(DATASET Opens)

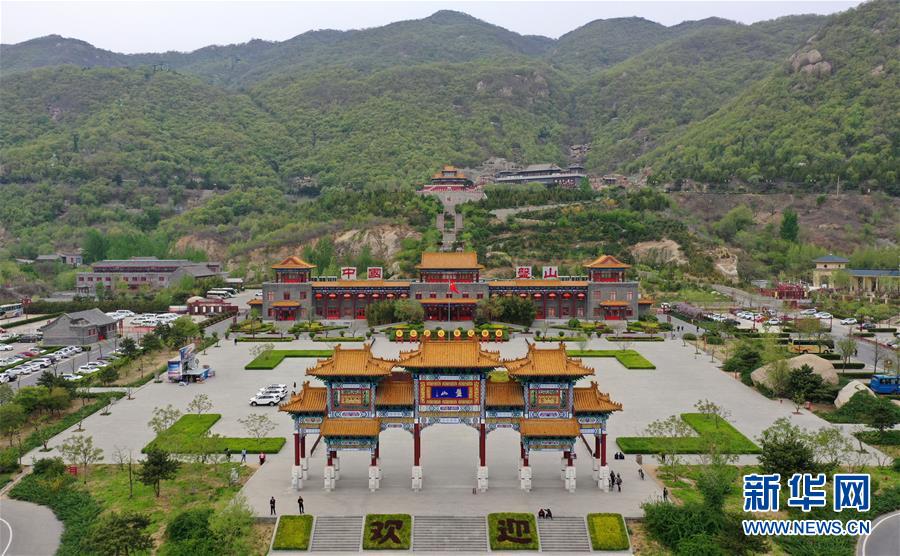 這是4月19日拍攝的盤山風(fēng)景名勝區(qū)正門景觀(無人機拍攝)。新華社記者 李然 攝
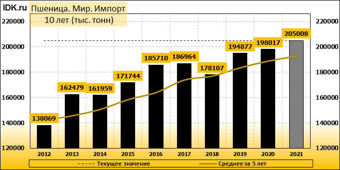 Импорт: составит 205008 тысяч тонн. Значение по прошествии месяца поднялось на 1.58 процента.
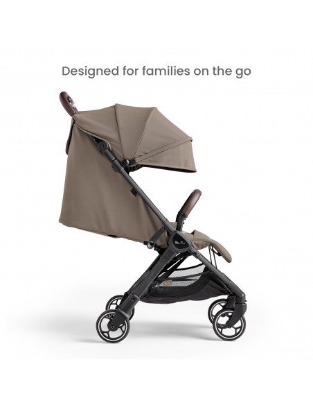Clic’s soft-cushioned leatherette bumper bar is compatible with the Silver Cross snack tray, while the UPF50+ hood, sun visor and ventilation panel with magnetic fastening keeps them cool on warmer strolls.
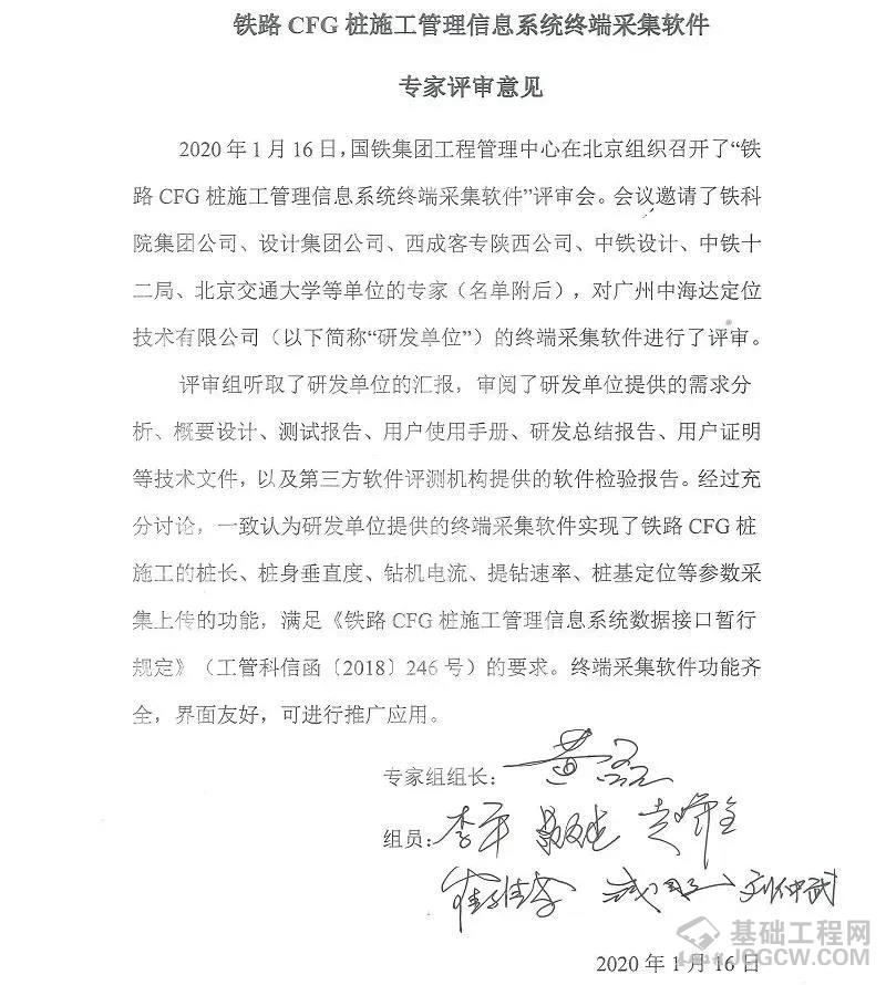 经讨论,一致认为“铁路CFG桩施工管理终端系统”实现了对铁路CFG桩施工过程中的实时定位引导,桩长、桩身垂直度、提/下钻速度、地层钻进电流等数据的实时采集、显示、分析、预警等功能,初步实现了铁路 CFG桩施工信息化,满足《地基处理桩基施工管理终端系统》(Q/CR-TKT-00 0045-2018)的要求。系统操作简便、采集数据准确,满足施工现场管理需求,可进行推广应用。
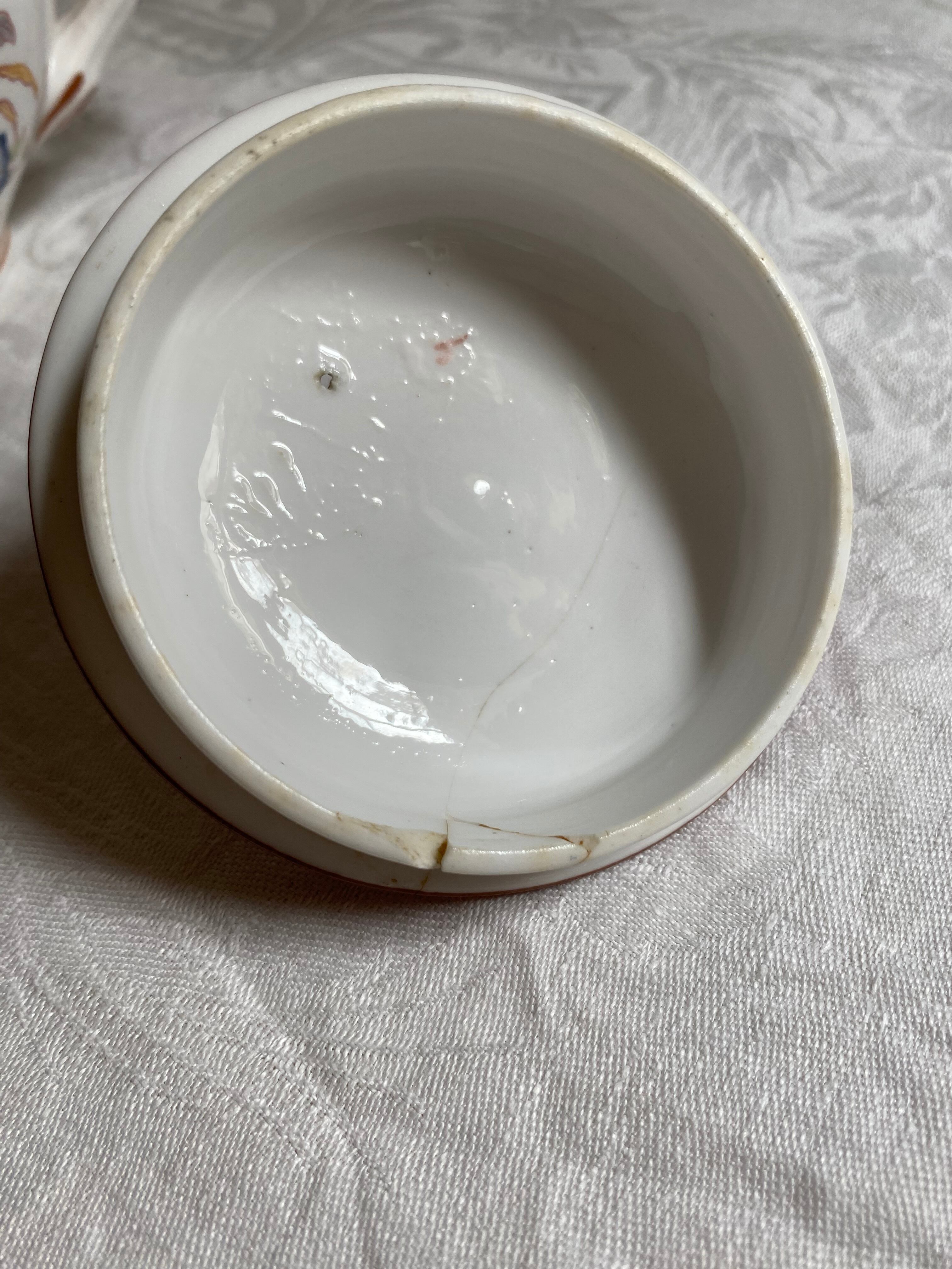 蓋の裏側に欠けて修復跡が見られます。注ぎ口奥の箇所に汚れの付着、、洗浄済ですが少しとれにくい箇所に残ってます。
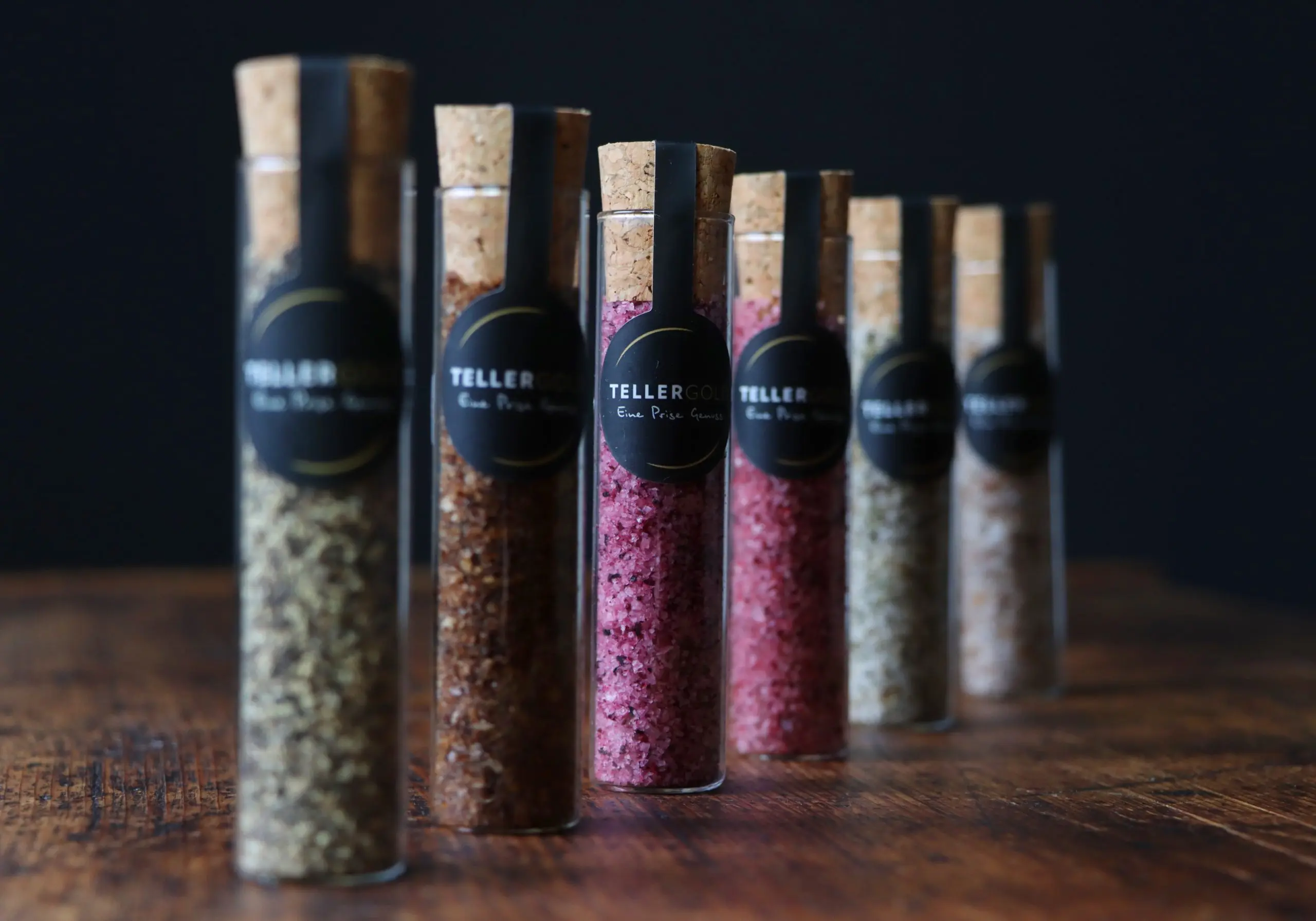 Es erwartet Sie Genuss pur aus der Mannheimer Manufaktur Tellergold! Fünf wunderbare Flor de Sal Mischungen in Handarbeit veredelt mit Karamell-Vanille, Hibiskus, Himbeer, Kräuter der Provence, Chili-Vanille sowie schwarzem Pfeffer geschrotet.

(DATASET Closes)

**DIRECTIONS:**
Give every line above again exactly, omitting whatever pictures appear.

**YOUR RESPONSE:**
 這是4月19日拍攝的盤山風(fēng)景名勝區(qū)正門景觀(無人機拍攝)。新華社記者 李然 攝
 Импорт: составит 205008 тысяч тонн. Значение по прошествии месяца поднялось на 1.58 процента.
Clic’s soft-cushioned leatherette bumper bar is compatible with the Silver Cross snack tray, while the UPF50+ hood, sun visor and ventilation panel with magnetic fastening keeps them cool on warmer strolls.
 经讨论,一致认为“铁路CFG桩施工管理终端系统”实现了对铁路CFG桩施工过程中的实时定位引导,桩长、桩身垂直度、提/下钻速度、地层钻进电流等数据的实时采集、显示、分析、预警等功能,初步实现了铁路 CFG桩施工信息化,满足《地基处理桩基施工管理终端系统》(Q/CR-TKT-00 0045-2018)的要求。系统操作简便、采集数据准确,满足施工现场管理需求,可进行推广应用。
 蓋の裏側に欠けて修復跡が見られます。注ぎ口奥の箇所に汚れの付着、、洗浄済ですが少しとれにくい箇所に残ってます。
 Es erwartet Sie Genuss pur aus der Mannheimer Manufaktur Tellergold! Fünf wunderbare Flor de Sal Mischungen in Handarbeit veredelt mit Karamell-Vanille, Hibiskus, Himbeer, Kräuter der Provence, Chili-Vanille sowie schwarzem Pfeffer geschrotet.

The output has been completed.